Я вылетел в вестибюль в дальнем его конце и пошел в сторону входа, где уже собралась большая толпа. Скорее всего, это были посетители, которые навещали своих больных родственников, но сейчас их внимание привлекла какая-то сутолока. Когда я подошел поближе, услышал женские рыдания и вой. Происходящее скрывала от меня стена, и я чувствовал нарастающий страх от того, что мне предстояло увидеть. Прямо перед тем, как картина открылась моим глазам, я услышал детский крик: “Мамочка умрет?”
На полу перед ведущими в больницу дверями лежала молодая женщина, по всей видимости без сознания.

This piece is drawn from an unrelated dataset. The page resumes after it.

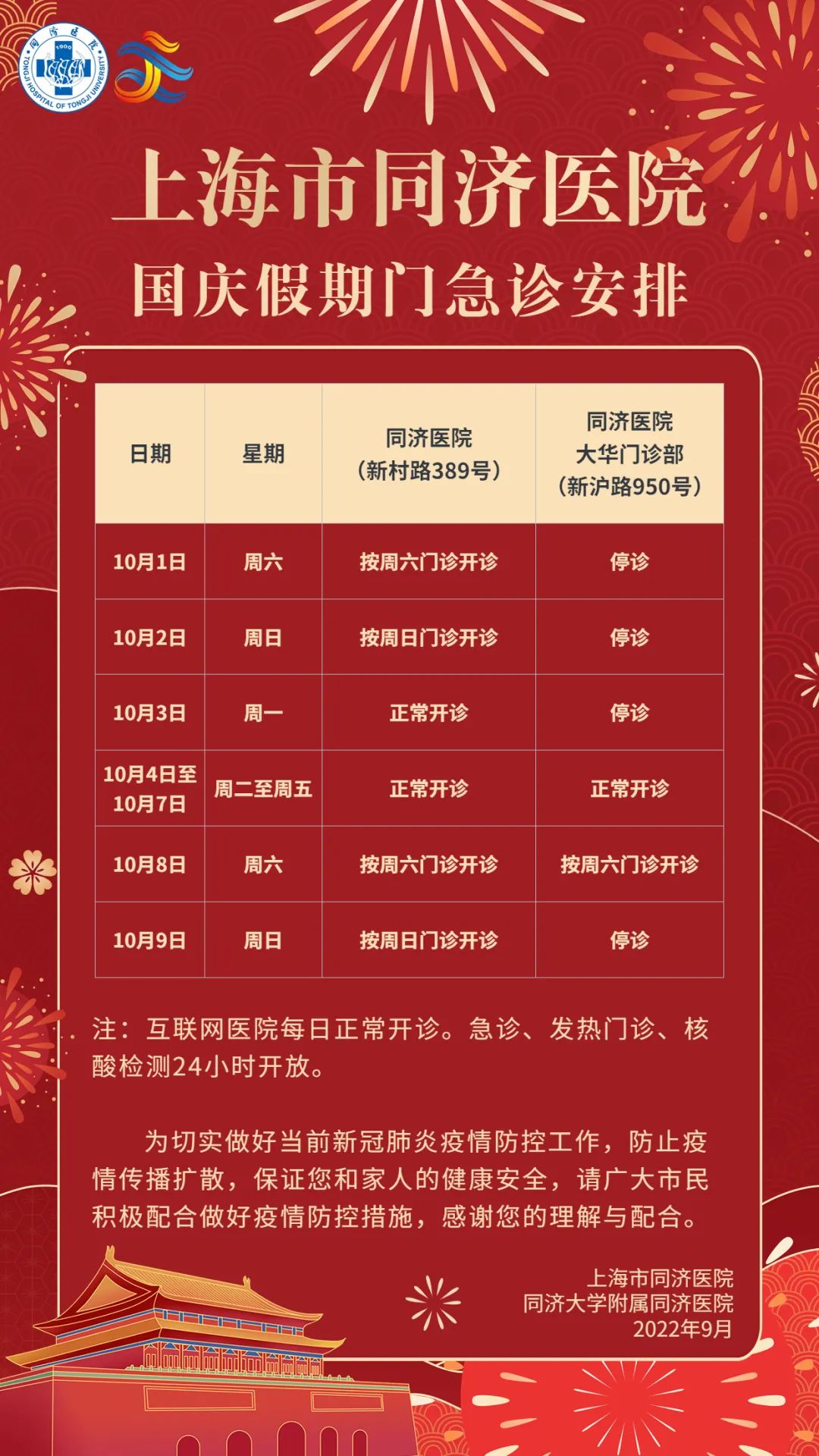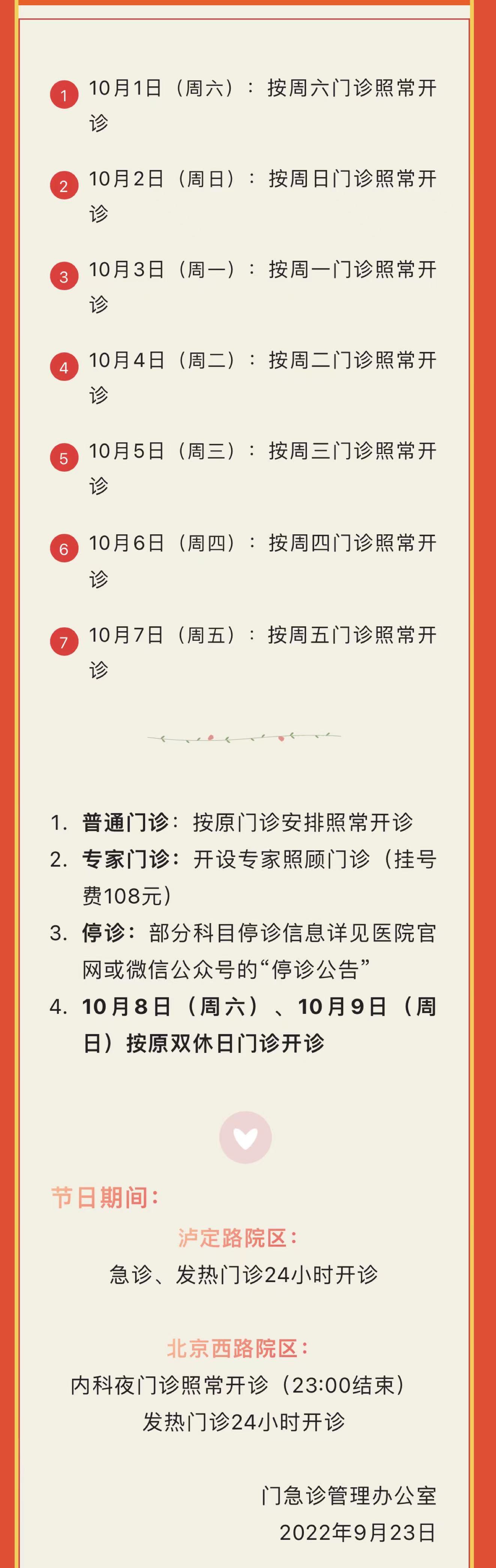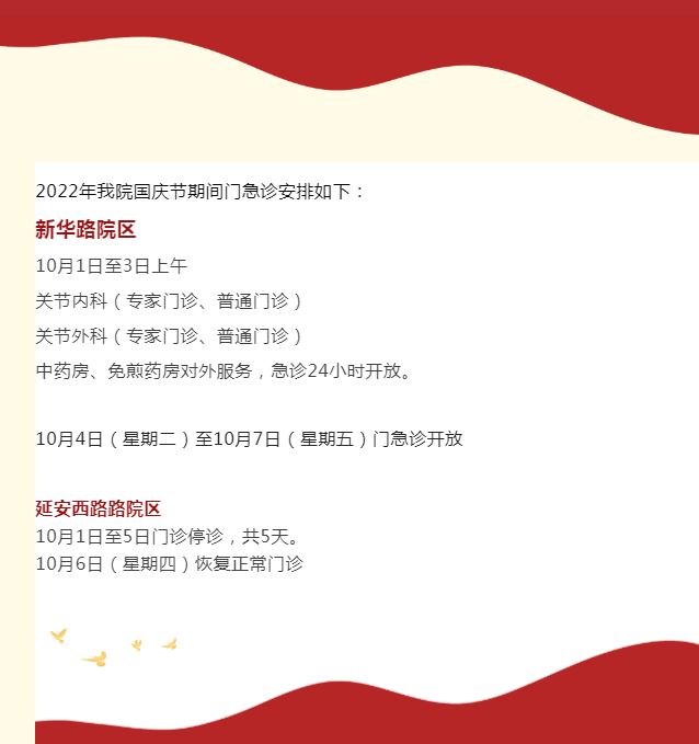2022年“国庆”假期即将到来,笔者搜罗了本市三甲医院的门急诊放假安排(部分医院假期安排待更新),有备无患,请相互转告哦!

Над ней склонился сотрудник бригады скорой помощи, который, увидев меня, доложил, что у нее еще сохраняется пульс, но она только что пережила судорожный припадок. Женщина, лежавшая на боку, была, без сомнений, беременна. Должно быть, это был припадок из-за эклампсии. Я перевернул ее на спину и убедился в том, что дыхание в норме. Но суматоха все еще продолжалась. Ее собственная мать впала в полное безумие: она рвала волосы на голове, кричала и, конечно, пугала окружающих. Толпа, которая становилась только больше за счет прибывавших врачей и ассистентов, скорее была занята матерью, чем самóй больной, чье состояние было на удивление стабильным. Старшая женщина даже отвлекла на себя внимание фельдшеров из отделения неотложной помощи, которые пришли помочь младшей, пока один из ассистентов не сказал ей куда строже, чем это бы вышло у меня: “Дама, держите себя в руках”.
Я забрал девушку в приемный покой и убедился, что она будет находиться под присмотром, тем самым выполнив свою функцию дежурного. Уладив этот вопрос, я понял, что сейчас самое время проверить обстановку в реанимации. Экран моего телефона был переполнен уведомлениями о неотвеченных сообщениях и звонках. На обратном пути в отделение я позвонил водителю, который ждал меня снаружи, и извинился, объяснив, что оказываю помощь пациенту, находящемуся в критическом состоянии, и было бы хорошо, если бы он смог довезти меня до дома, когда состояние больного стабилизируется.
Едва добравшись до реанимации, я прошел прямиком в палату пациента, которого пятнадцать минут назад подключил к аппарату искусственной вентиляции легких. Медсестра сразу же протянула мне набор для постановки центрального катетера, поскольку возможностей периферических венозных катетеров для введения всех необходимых компонентов крови было уже недостаточно. Другой ординатор был занят с остальными пациентами, поэтому я схватил упаковку и с головой погрузился в работу. Мы начали с установки катетера большого диаметра в бедренную вену в паху, а затем установили еще один в районе грудной клетки, а также внутриартериальный катетер на запястье. Казалось, мне было суждено выполнить все действия, которые я освоил за время обучения, в один день и с одним пациентом. К тому моменту, когда я закончил, было очевидно, что вероятность возвращения этого мужчины в сознание невелика. Несмотря на то что он дышал при помощи аппарата ИВЛ, а его сердце билось, мы не были уверены, жив ли он, или его мозг уже умер, или же его состояние было чем-то промежуточным.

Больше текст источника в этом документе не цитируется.